Raporda, 17 avukat hakkında yakalama kararı verildiği, avukatların ev araması ve 5 avukatın ise iş yerinin arandığı belirtildi. Ev ve iş yeri aramalarında arama kararı, suçlama konusu ve kararın gerekçesinin belirtilmediğinin kaydedildiği raporda, Avukat Bünyamin Şeker’in büro araması olarak ÖHD Amed Şubesi’nin arandığına dikkat çekildi.
'İKTİDAR SİYASİ AMAÇLARI İÇİN YARGIYI KULLANIYOR'
Diyarbakır 3. Sulh Ceza Hakimliği’nin gözaltına alınanlara dair 24 saat kısıtlılık kararı verdiği, kısıtlılık kararına dair yapılan itirazlara ise 24 saatin sonunda ret kararı verildiğinin vurgulandığı raporda, avukatlardan Suat Mustafa Şenci, Özüm Vurgun, Burhan Arta, Serhat Hezer ve Şerzan Yelboğa’nın tutuklandığı aktarıldı.
Yargının siyasal amaçlar doğrultusunda araçsallaştırıldığına vurgu yapılan raporda, “Türkiye’de son yıllarda siyasi yönlendirmeye hiçbir dönemde olmadığı kadar teslim olan yargının, bağımlı ve etkiye açık yapısı nedeniyle, insan hakları mücadelesini geriletmek isteyen siyasi iktidarın uzantısı haline geldiği ve bir baskı aracına dönüştüğü görülmektedir. ‘2021 tarihli AB ilerleme değerlendirme raporunda’ belirtildiği gibi, son yıllarda demokrasi, hukukun üstünlüğü, yargı bağımsızlığı, demokrasi ve temel haklar konusunda geri gidiş yaşanmakta ve yargı, yürütme ve yasama organları tarafından yapılan yasal ve fiilî müdahalelerle var olan bağımsızlık dayanaklarını kaybederek, tümüyle siyasal etkilere açık hale geldiği görülmektedir” denildi.

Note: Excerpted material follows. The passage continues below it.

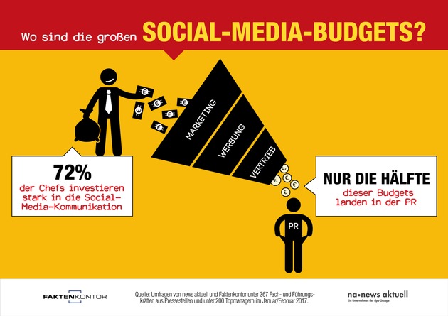 Für die deutschen Unternehmenslenker ist die Social-Media-Kommunikation ein sehr wichtiger Investitionsschwerpunkt. Aber nur die Hälfte dieser Gelder landet am Ende tatsächlich bei der PR. Das ergab eine gemeinsame Befragung der dpa-Tochter news aktuell und Faktenkontor. 567 Topmanager und PR-Verantwortliche gaben Auskunft über die Investitionsbereitschaft ihrer Unternehmen in Social Media.

Raporda, Türk İçişleri Bakanı Süleyman Soylu’nun 3 bin 500 polisin katıldığı operasyondaki görüntüleri servis etmesinin de "siyasetin yargı erki üzerindeki etki düzeyinin" göstergesi olduğu belirtildi.
Soruşturma ve gözaltı sürecinde dosyaya dair kısıtlılık kararının “silahların eşitliği ilkesi” ve “hak arama hürriyeti” kapsamında adil yargılanma hakkının ihlali olduğuna dikkat çekilen raporda, “Aynı şekilde, görüş kısıtlamasının sonlandırılmasına dair, itiraz başvurusu etkili başvuru hakkı ihlal edilerek görüş kısıtlama süresi dolduktan 2 gün sonra karara bağlanmış ve reddedilmiştir. Bu durum, keyfi ve hukuksuz yargı pratiğinin yargılanan meslektaşlarımızın adil yargılanma hakkı ile etkili başvuru haklarını ihlal ettiğini göstermektedir” denildi. Raporda, avukatların mesleki faaliyetleri nedeniyle keyfi olarak gözaltına alınmaları ve tutuklanmalarının Avrupa İnsan Hakları Sözleşmesi’ne (AİHS) aykırı olduğu kaydedildi.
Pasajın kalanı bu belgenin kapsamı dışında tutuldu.